↓

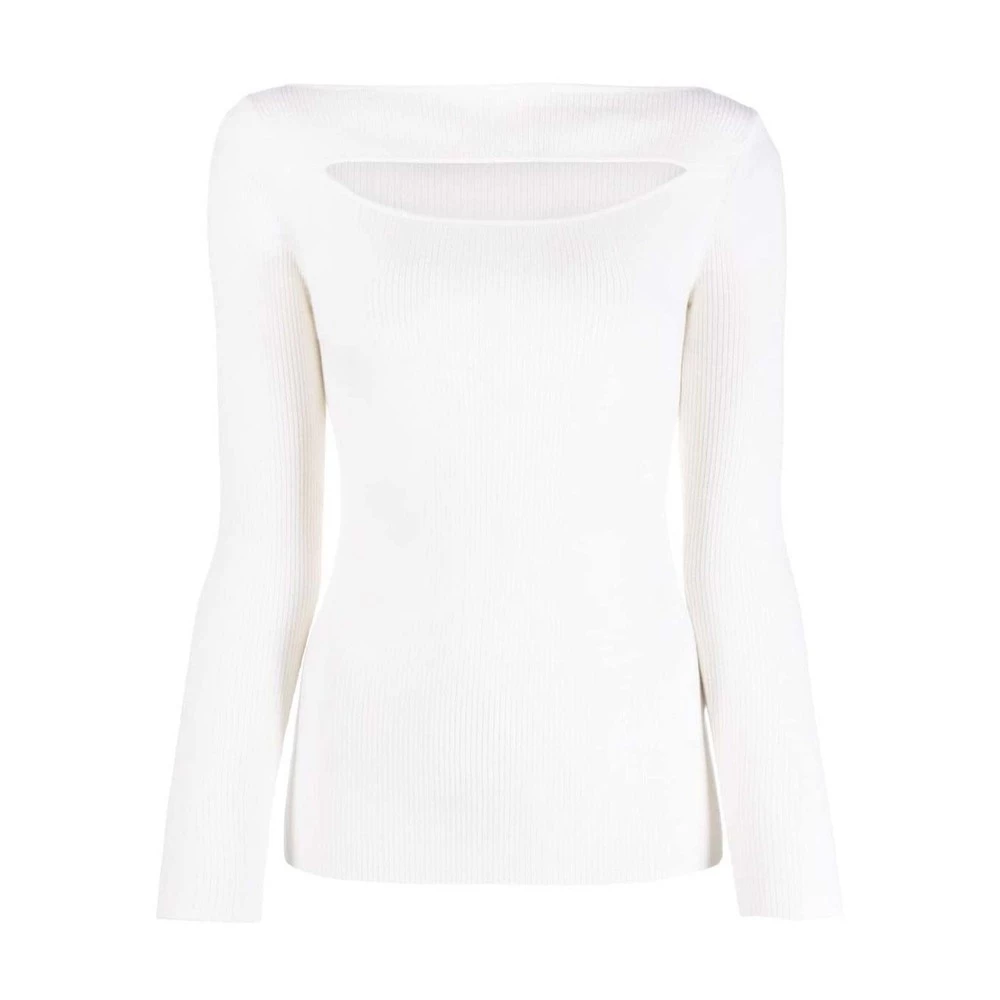 Parosh gensere hvit bÄthals lange ermer strikket konstruksjon utskÄret detalj Modellen har pÄ seg stÞrrelse s 100% ull laget i Kina
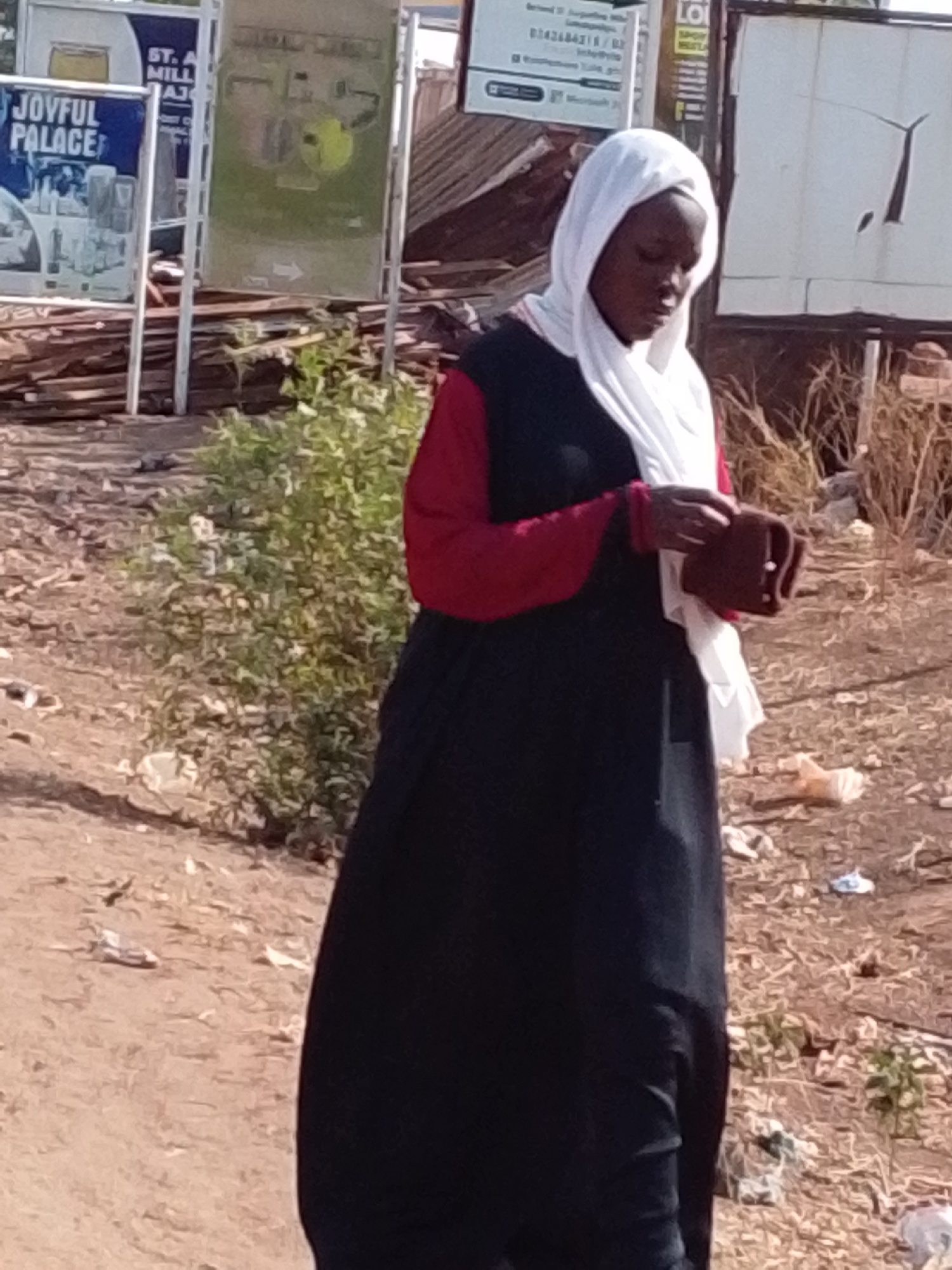The image displays an outdoor scene in Dungu, Ghana. A single adult female is positioned centrally, standing on an unpaved dirt surface. She wears a white head covering, a red long-sleeved shirt, and a black floor-length outer garment. Her gaze is directed downwards towards a small, dark brown, folded object that she holds in her hands. The ground beneath her is a mix of dry earth and scattered light-colored litter. To her immediate left, a green bush is visible. In the background, multiple commercial signs are erected on metal poles, with one sign clearly displaying "JOYFUL PALACE" and another partially visible sign including "ST. A MILL". Behind these signs, piles of wooden planks and structures constructed from corrugated metal are present. Sparse, dry vegetation is visible on the right side of the background.
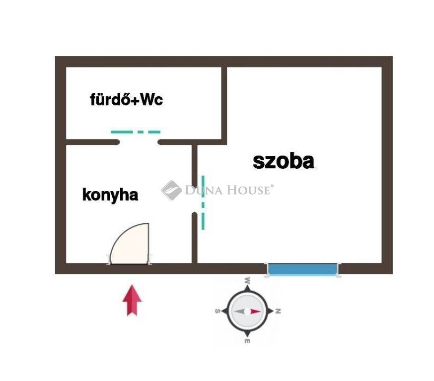 A napfényes K-i tájolású lakás 27 m2-es: konyha, fürdőszoba, szoba helyiségekből áll. Még senki nem lakott a lakásban a felújítás óta.

↑

__PROBLEM__
Everything above except the pictures must be restated exactly.

__OUTPUT FOR THIS TASK__
 Parosh gensere hvit bÄthals lange ermer strikket konstruksjon utskÄret detalj Modellen har pÄ seg stÞrrelse s 100% ull laget i Kina
The image displays an outdoor scene in Dungu, Ghana. A single adult female is positioned centrally, standing on an unpaved dirt surface. She wears a white head covering, a red long-sleeved shirt, and a black floor-length outer garment. Her gaze is directed downwards towards a small, dark brown, folded object that she holds in her hands. The ground beneath her is a mix of dry earth and scattered light-colored litter. To her immediate left, a green bush is visible. In the background, multiple commercial signs are erected on metal poles, with one sign clearly displaying "JOYFUL PALACE" and another partially visible sign including "ST. A MILL". Behind these signs, piles of wooden planks and structures constructed from corrugated metal are present. Sparse, dry vegetation is visible on the right side of the background.
 A napfényes K-i tájolású lakás 27 m2-es: konyha, fürdőszoba, szoba helyiségekből áll. Még senki nem lakott a lakásban a felújítás óta.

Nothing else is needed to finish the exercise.